Keywords: Ciprofloxacin, Calu-3, liposomes, twin-stage impinger, nebulisation


Rapid absorption and clearance of antibiotics from the lungs presents a major drawback to localised treatment of chronic respiratory tract infections, in patients with cystic fibrosis (CF) and non-CF bronchiectasis (BE). Hence, liposomal ciprofloxacin nanoparticles were developed to control the release of antibiotics following inhalation and prolong its residence time in the lung. The formulation was evaluated for its release profile, aerosol performance and antimicrobial activity. Liposomal and free ciprofloxacin formulations were nebulised, using a Pari LC Sprint® nebulizer, directly onto Calu-3 bronchial epithelia cells placed in an in vitro twin-stage impinger (TSI) to assess the kinetics of release. The aerosol performance of both the liposomal and free ciprofloxacin formulation was characterised using the next generation impactor. Minimum inhibitory and bactericidal concentrations (MICs and MBCs) were determined and compared between formulations to evaluate the antibacterial activity. The liposomal formulation successfully controlled the release of ciprofloxacin in the cell model and showed enhanced antibacterial activity against Pseudomonas aeruginosa. In addition, the formulation displayed a respirable aerosol fraction of 70.5 ± 2.03% of the emitted dose. Results indicate that the in vitro TSI air interface Calu-3 model is capable of evaluating the fate of nebulised liposomal formulations and support the potential for inhaled liposomal ciprofloxacin to provide a promising treatment for respiratory infections.







1.    Introduction

Respiratory tract infections (RTIs) cause significant morbidity and mortality in patients with chronic obstructive lung diseases such as CF and non-CF BE. In CF, a genetic defect in the cystic fibrosis transmembrane conductance regulator Cl– channels cause abnormally thick mucus to plug airways, block gland ducts, reduce mucociliary clearance and diminish other antimicrobial defences [1]. In comparison, non-CF BE is characterised by permanent dilatation of the major bronchi and bronchioles caused by destruction of the muscles and elastic tissues [2]. Despite their differences, both diseases have similar characteristics in terms of accumulation of mucus in the lungs, causing recurrent pulmonary infection and inflammation [23]. The cycle of infection and inflammation periodically develops into exacerbations where chronic colonisation of the airway by bacteria, especially Pseudomonas aeruginosa (P. aeruginosa) causes a more severe decline in lung function, increased hospitalization and high mortality rates [45].
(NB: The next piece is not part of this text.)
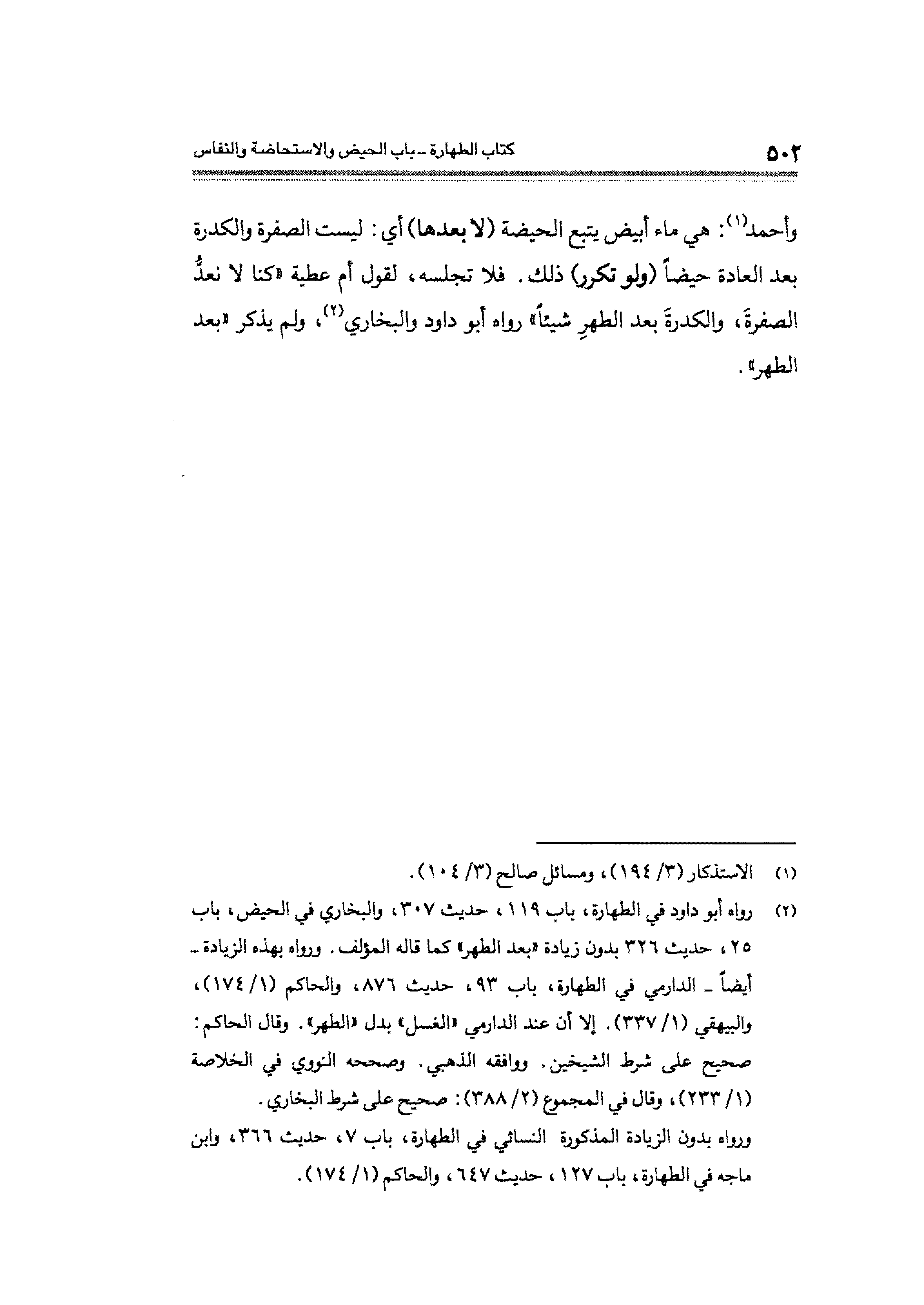 وأحمد (¬١): هي ماء أبيض يتبع الحيضة (لا بعدها) أي: ليست الصفرة والكدرة بعد العادة حيضاً (ولو تكرر) ذلك. فلا تجلسه، لقول أم عطية (كنا لا نعدُ الصفرةَ، والكدره بعد الطهرِ شيئاً، رواه أبو داود والبخاري (¬٢)، ولم يذكر "بعد الطهر".

CF patients generally receive extensive antibiotic treatments to maintain lung function and prevent exacerbations. The drugs are a combination of oral, intravenous and inhaled antibiotics. Inhalation antibiotics have become a standard part of treatment for CF patients with P. aeruginosa lung infections as it directly targets the lung minimising systemic toxicity and reducing emergence of drug resistance. Studies have shown that inhaled antibiotic treatment significantly improves the quality of life of patients by decreasing hospital admission due to exacerbations and reduced respiratory function impairment [67]. Current inhalation treatments for CF, approved by the Food and Drug Administration, are limited to tobramycin (TOBI®) and more recently aztreonam (Cayston®). Conversely, standardised antibiotic treatment for non-CF bronchiectasis are yet to be approved [8] as tolerability is an issue when patients require long-term treatment [9]. Another major challenge faced by localised treatment of respiratory tract infections (RTIs) is the rapid absorption and clearance of antibiotics from the lungs. Multiple dosing each day and lengthy treatment time of those administrations is therefore required to maintain sufficiently high levels of antibiotics for its antimicrobial efficacy.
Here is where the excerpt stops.